Not so says Redflow at
Home - ZCell "
- Intrinsically fire retardant electrolyte - not at risk of thermal runaway
"
Also take a look at 7:34 of this
These have nothing to do with redox flow batteries. Sorry to say, you are not quite understanding the tech there.
In a ZnBr system you precipitate out metallic zinc to 'charge' the system, and you are left with a highly oxidising bromide species that can dissolve metal (clearly, it has to redissolve the zinc for the battery to work in both directions).
Discharge of the battery is redissolving the zinc back to zinc bromide. You can then take that out as 'waste', for sure, but then you have to refit metallic zinc and some bromide-containing complex into the car that can't be pumped by anything as common as a metal because it'll react with it.
I don't really want to be pumping metal-dissolving bromine oxidisers, thanks all the same.
The interview is somewhat disingenuous, IMHO, and also has nothing to do with redox flow batteries, which is usually understood to be two fluids passing either side of a membrane that will selectively pass positive ions. This is simply the situation of a salt flowing over a conductive plate and being electrolysed.

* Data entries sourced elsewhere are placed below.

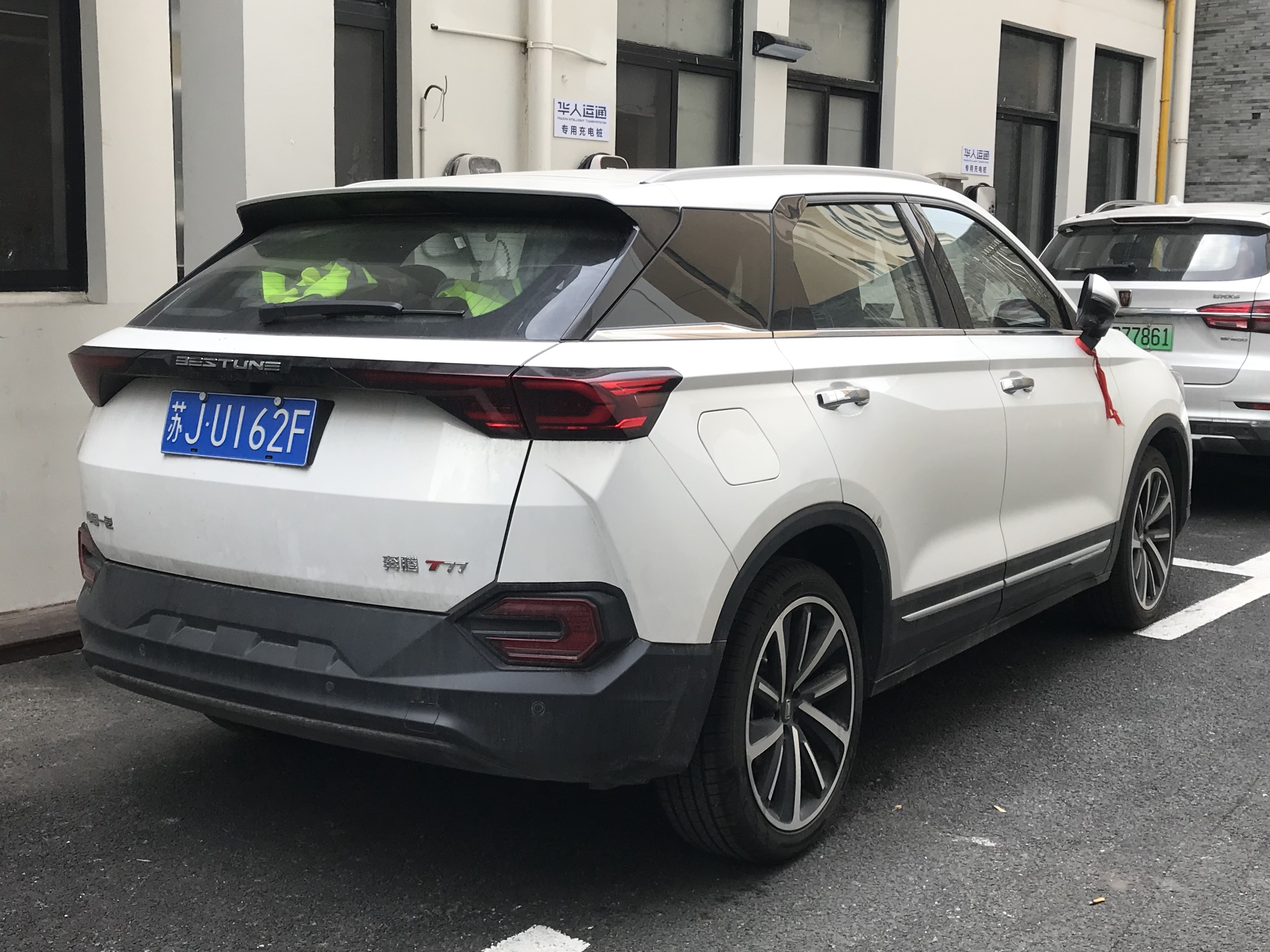 Bestune (Besturn) T77 rear
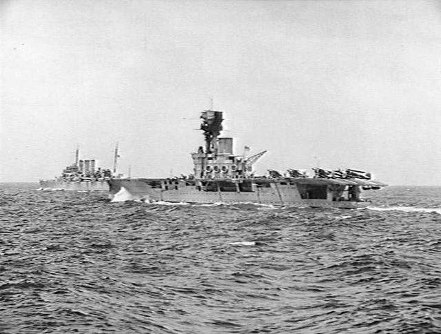 British aircraft carrier HMS Hermes (right) and heavy cruiser HMS Dorsetshire while escorting convoy US.3, which was carrying Australian and New Zealand soldiers to the United Kingdom. The photo was taken during the leg from Freetown in Sierra Leone to its final destination in the Clyde River of Scotland.
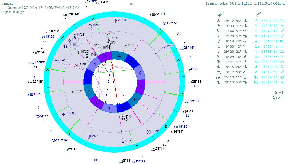 solar return horoscope

The oxidation of a metal is not an unknown way to generate a primary battery, and you can create an aluminium-air battery that has a huge potential, both literally [electrically] and also as a REx system. You cannot replate aluminium from the hydroxide but you can remove the 'eaten' plates and refresh them physically with new ones. It is just then a case of reducing the aluminium oxide/hydroxides and making new plates to fit. Potentially, that could provide you with your 200kWh mechanically rechargeable (3 minute) system.